Da mesma maneira que apareceu, o casal dá lugar a um grupo barulhento, alegre, inundado com a estonteante panóplia de sons, cores, vozes e risos característica de um grupo de amigos que sabem que é uns com os outros que poderão contar nos dias à frente e que são aquelas pessoas que terão valor na altura em que cometerem os mais incompreensíveis pecados públicos ou para sempre guardados no olhar do rapaz sardento que tenta esquecer o que fez enquanto sorri ao sentir o toque da pele dela, que ao seu lado tanto tempo nunca se apercebeu do que ele sente por ela. Há copos na mesa, copos vazios, cheios, meio cheios ou meio vazios. Há pratos com comida parcialmente devorada que mesmo assim se mantém apetecível. E cartas. As cartas que os que querem jogar sabem que nunca vão usar por causa daqueles que sabem que as suas capacidades mínimas vão ser claramente gozadas, situação que preferem evitar. Tudo brilha, tudo transmite excitação, delírio de alegria, paz e segurança. E depois viro-me.
Ouço vozes que conseguem de alguma maneira substituir os sons anteriores. São vozes ásperas e amargas, altas e exaltadas. Quase consigo sentir o medo da voz feminina quando me aproximo da porta ao meu lado direito, entreaberta e por onde escapa o aroma de um pequeno almoço preparado com o cuidado de quem se dedica à simetria da espessura da manteiga no pão torrado para evitar dedicar-se à constatação da impotência perante o desmoronar excruciantemente vagaroso da sua vida. Quase abro a porta e consigo vê-lo, a ele, de quem ela se afasta, ele, em quem ela já não confia, ele, de quem ela agora tem medo, ele, em quem ela agora não vê a pessoa que conhecia, ele, de quem foge com o medo de uma criança que foge daquele rufia que sabe que vai conseguir sentir-se superior quando a humilhar no intervalo. Passa por mim, não a correr, não a chorar. Já não consegue.

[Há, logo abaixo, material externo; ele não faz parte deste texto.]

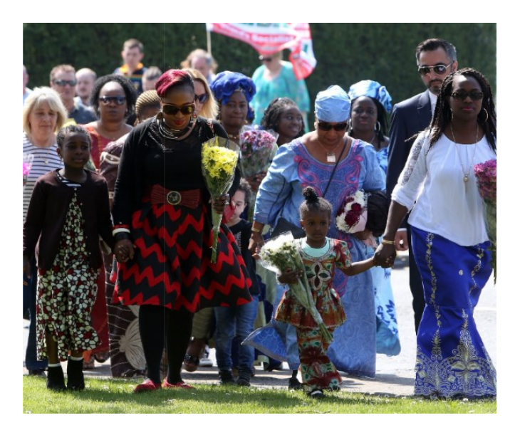
Galatians 3:28 28 - There is neither Jew nor Gentile, neither slave nor free, nor is there male and female, for you are all one in Christ Jesus

SCESOAOSSNN LNOHR TNE U S Ν Т Ε Ε Т H U 0 Ε LCAR Ν G Ε

As cortinas a combinar com os tapetes, os naperons com os ostentosos bibelots. Já nada faz sentido. Quando quase embarra contra mim, posso ver os olhos dela. Já não brilham. Nem medo são agora capazes de mostrar. Só consigo ver a apatia de quem já não espera nada da vida, de quem se resignou da melhor maneira que pôde ao futuro que se tornou num presente demasiado previsível e sem truques na manga para a fazerem sorrir. A ausência de reacção de quem sabe que, por mais que lute, por mais que tente mudar o que vive agora, nunca vai conseguir nada, porque aquilo por que lutou, aquilo por que abdicou de tanta coisa, já não vale a pena. Atravessa a sala. Até ao canto da casa onde é só ela e está sozinha num mundo em que realmente consegue ter controlo sobre alguma coisa. Deixa a pele sentir os raios de sol e fecha os olhos. Uma lágrima cai.
Foi isto que vi. Foi isto que aconteceu?
Taken: 08.04.2007 Olimpus C-500
4 comments:
ate te podia meter aki uma dakelas frases "pré feitas" que s mandam para os telemoveis para dizer k adorei msm msm o teu texto, mas prefiro dizer coisas sem nexo e com erros ortograficos e deixar as frases com sentido para seres tu a escrever, pk sim, to a ver k temos aki escritora =) so tenho a dizer k s algum dia escrevers um best seller k eu kero cá uma comissao :p toda esta conversa toda so pa dizer k amei o texto :D ( e k fui a primeira a commentar) hihihihi
nao deixo.
um dia vai um senhor madeirense a um stand de automoveis, e diz "qué comprá um carre"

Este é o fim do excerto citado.